PROBLEM:
Find the line in the entries below that contains "A5773/美品 秋冬 毛皮". Repeat it exactly, and every line after it through the line that contains "Diffalissit Pencil Set".

RECORDS FOR THE TASK:
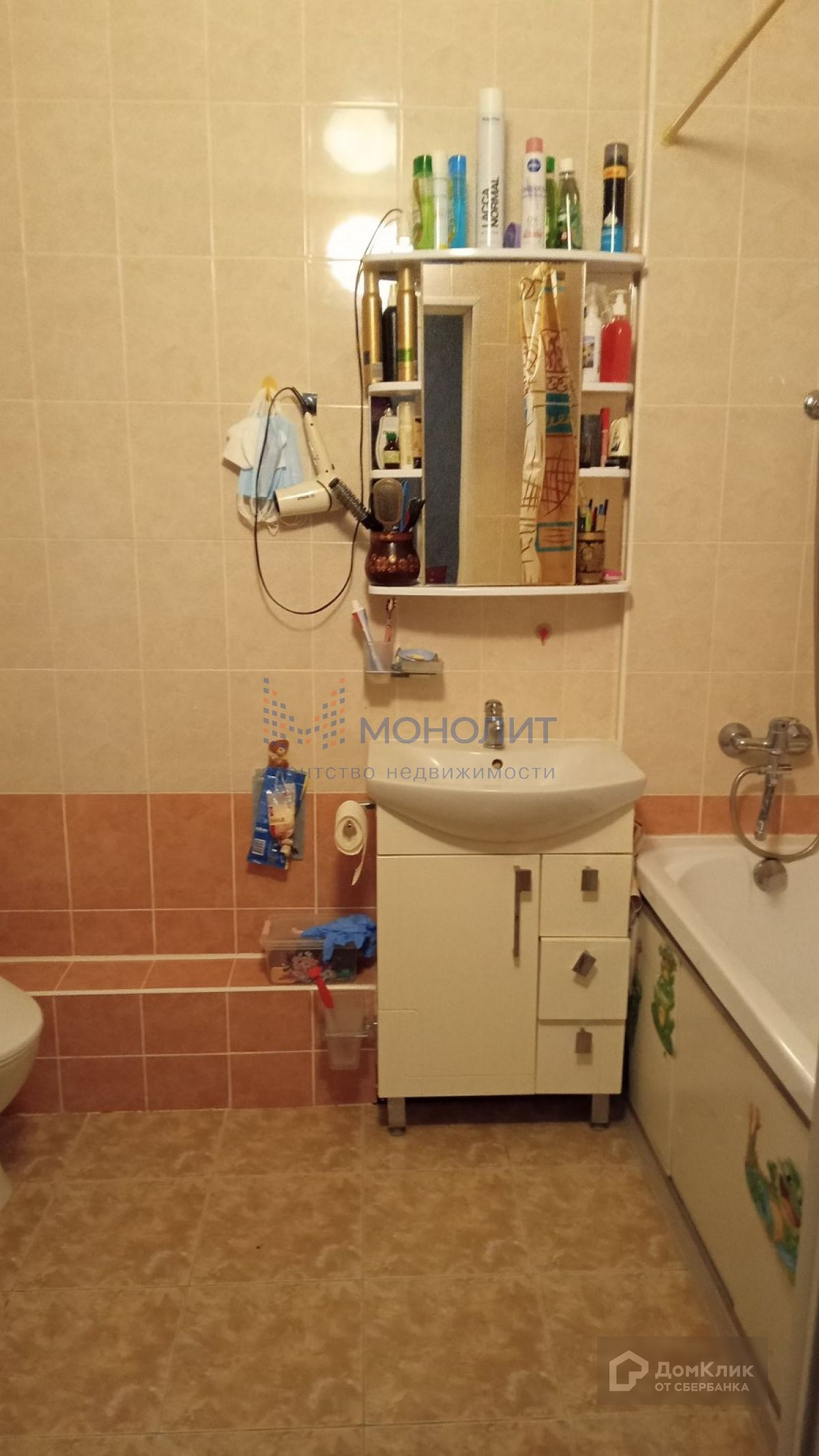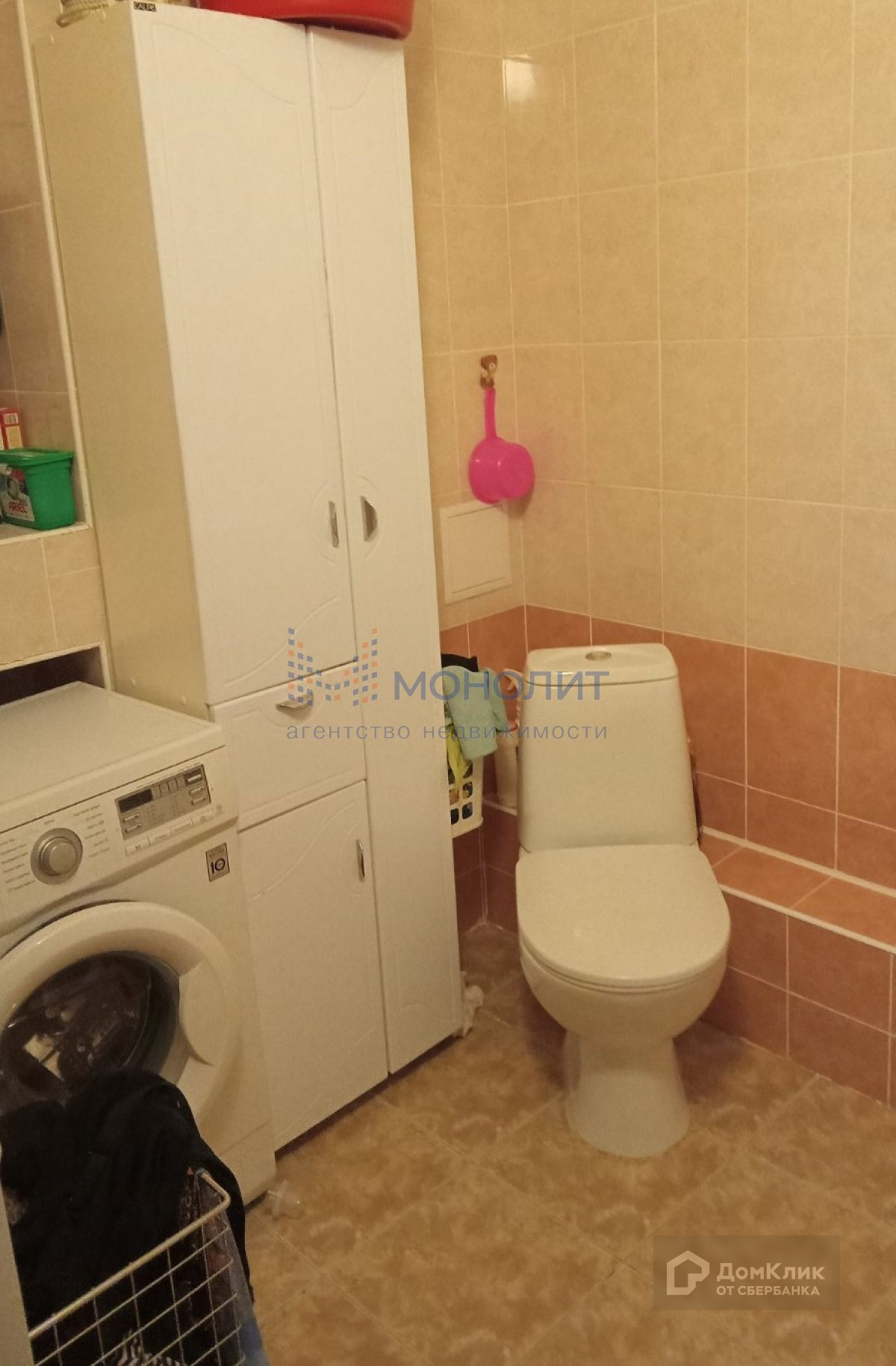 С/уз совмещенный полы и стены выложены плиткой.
==
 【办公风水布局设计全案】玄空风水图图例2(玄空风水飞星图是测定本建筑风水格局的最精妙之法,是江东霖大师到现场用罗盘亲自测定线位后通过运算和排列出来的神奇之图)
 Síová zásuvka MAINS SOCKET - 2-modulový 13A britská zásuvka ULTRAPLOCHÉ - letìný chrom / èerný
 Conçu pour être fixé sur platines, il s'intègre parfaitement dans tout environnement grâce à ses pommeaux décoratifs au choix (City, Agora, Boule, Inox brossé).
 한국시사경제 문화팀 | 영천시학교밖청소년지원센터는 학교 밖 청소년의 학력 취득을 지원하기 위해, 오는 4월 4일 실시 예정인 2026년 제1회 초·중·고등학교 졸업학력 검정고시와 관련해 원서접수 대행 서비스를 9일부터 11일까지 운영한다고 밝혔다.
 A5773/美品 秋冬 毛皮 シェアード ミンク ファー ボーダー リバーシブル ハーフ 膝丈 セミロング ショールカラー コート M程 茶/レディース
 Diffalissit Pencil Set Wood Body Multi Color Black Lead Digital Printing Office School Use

PROBLEM SOLUTION:
 A5773/美品 秋冬 毛皮 シェアード ミンク ファー ボーダー リバーシブル ハーフ 膝丈 セミロング ショールカラー コート M程 茶/レディース
 Diffalissit Pencil Set Wood Body Multi Color Black Lead Digital Printing Office School Use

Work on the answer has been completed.